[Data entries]
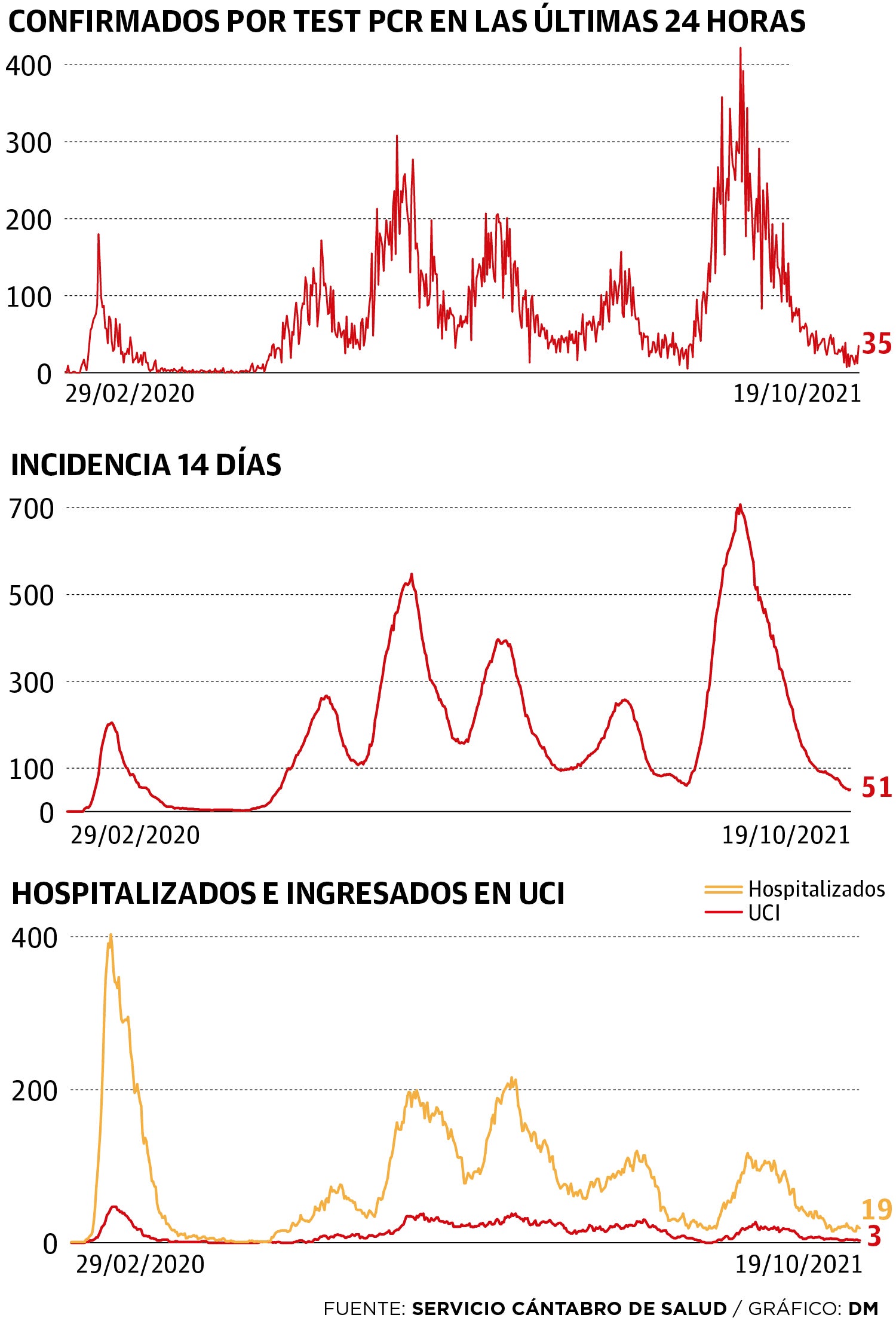 Las cautelas que acompañan a este momento se pusieron de manifiesto en la comparecencia del martes del consejero, junto al director general de Salud Pública, Reinhard Wallmann, para confirmar la entrada en el nivel de 'riesgo controlado' (la normalidad es otra cosa, como se desprendió de sus palabras). Lejos de lanzar las campanas al vuelo por la situación epidemiológica en Cantabria, fue una rueda de prensa de trámite, en la que se tuvo un recuerdo para las 616 personas que han perdido la vida por las complicaciones del covid y se lanzó una llamada «a la responsabilidad individual», con la petición expresa de reducir los contactos sociales innecesarios y cuidar las medidas preventivas, con la mascarilla y la distancia de metro y medio como elementos básicos.
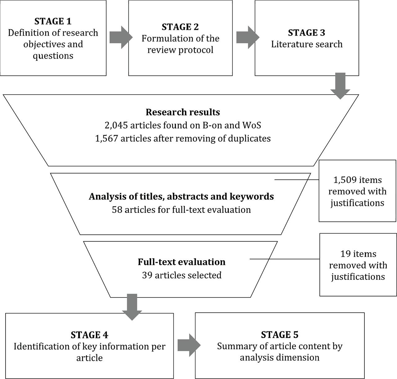On 31 May 2022, the search resulted in a total of 2,045 articles that met the established criteria and were imported into Mendeley, a reference management software. After excluding 478 duplicate records, 1,567 documents remained, as shown in Figure 1. Then, the title, abstract and keywords of these articles were read, leading to the exclusion of 1,509 articles because their content did not fit the purpose of this study and did not allow for answering the research questions. After this process, 58 articles were left for full-text evaluation.
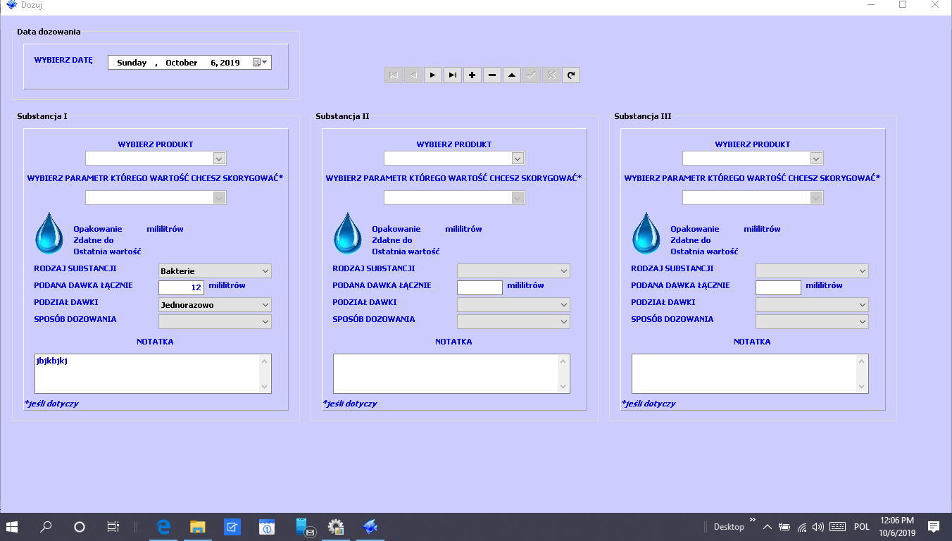 Program pozwala na zapisywanie do trzech substancji jednocześnie.
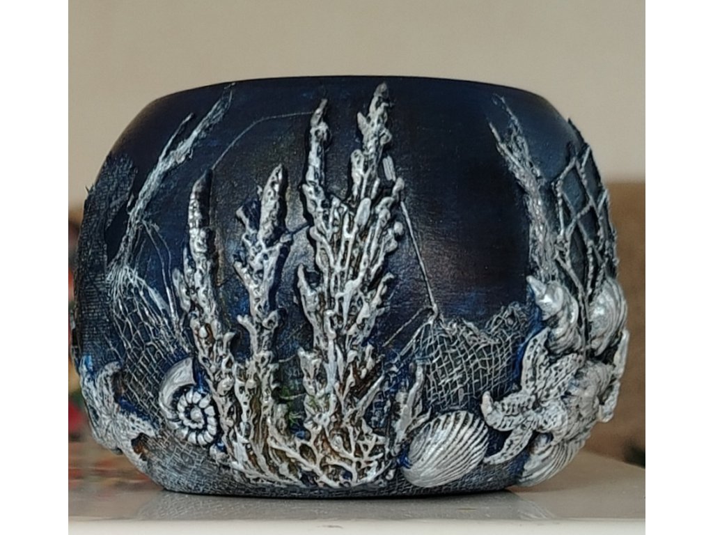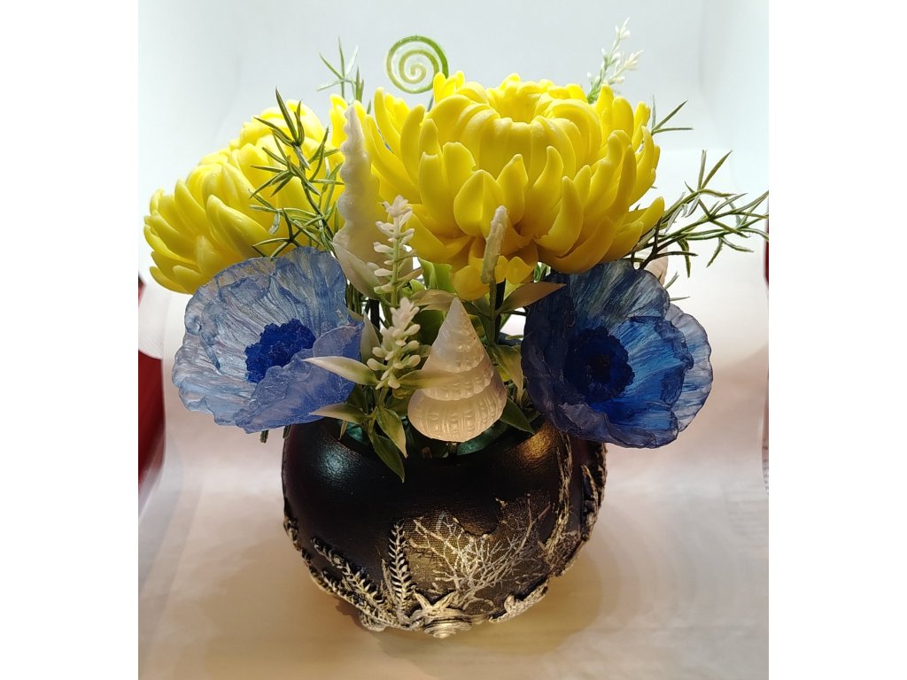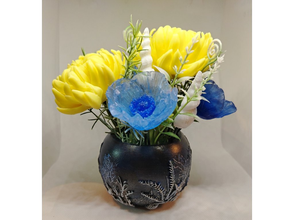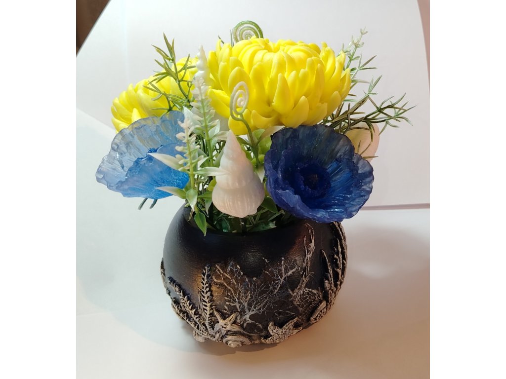 Kreativní kytice voňavých mýdlových růží a mušlí v keramickém květináči na téma Mořské Dno. .
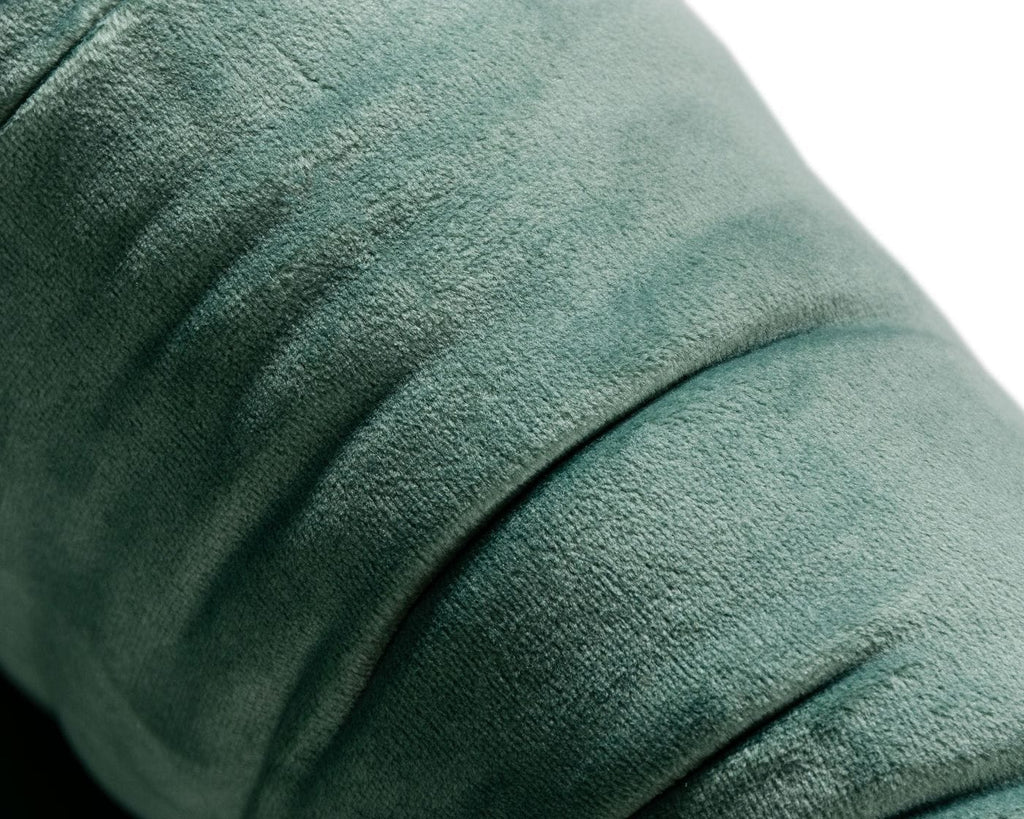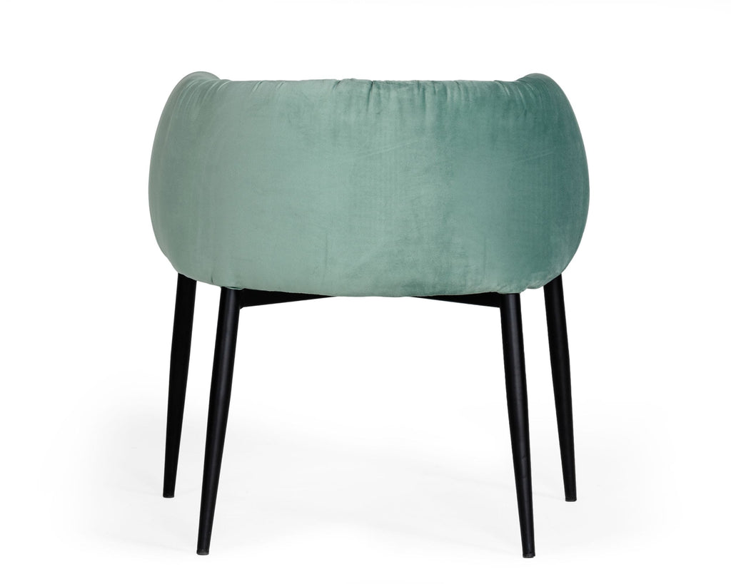 The Belcaro chair is a modern dining chair that uses a relaxed fit and bold metal base to create a juxtaposition of styles. The light green velvet is glam and soft while the black metal base is industrial and cold. Pairing these together creates a modern transitional style that appeals to all. The folded pillow style upholstery is engaging and comfortable.

● DESCRIPTION OF THE TASK
Except for the pictures, set down each line of the records exactly as it appears.

● THE COMPLETED TASK
 Las cautelas que acompañan a este momento se pusieron de manifiesto en la comparecencia del martes del consejero, junto al director general de Salud Pública, Reinhard Wallmann, para confirmar la entrada en el nivel de 'riesgo controlado' (la normalidad es otra cosa, como se desprendió de sus palabras). Lejos de lanzar las campanas al vuelo por la situación epidemiológica en Cantabria, fue una rueda de prensa de trámite, en la que se tuvo un recuerdo para las 616 personas que han perdido la vida por las complicaciones del covid y se lanzó una llamada «a la responsabilidad individual», con la petición expresa de reducir los contactos sociales innecesarios y cuidar las medidas preventivas, con la mascarilla y la distancia de metro y medio como elementos básicos.
On 31 May 2022, the search resulted in a total of 2,045 articles that met the established criteria and were imported into Mendeley, a reference management software. After excluding 478 duplicate records, 1,567 documents remained, as shown in Figure 1. Then, the title, abstract and keywords of these articles were read, leading to the exclusion of 1,509 articles because their content did not fit the purpose of this study and did not allow for answering the research questions. After this process, 58 articles were left for full-text evaluation.
 Program pozwala na zapisywanie do trzech substancji jednocześnie.
 Kreativní kytice voňavých mýdlových růží a mušlí v keramickém květináči na téma Mořské Dno. .
 The Belcaro chair is a modern dining chair that uses a relaxed fit and bold metal base to create a juxtaposition of styles. The light green velvet is glam and soft while the black metal base is industrial and cold. Pairing these together creates a modern transitional style that appeals to all. The folded pillow style upholstery is engaging and comfortable.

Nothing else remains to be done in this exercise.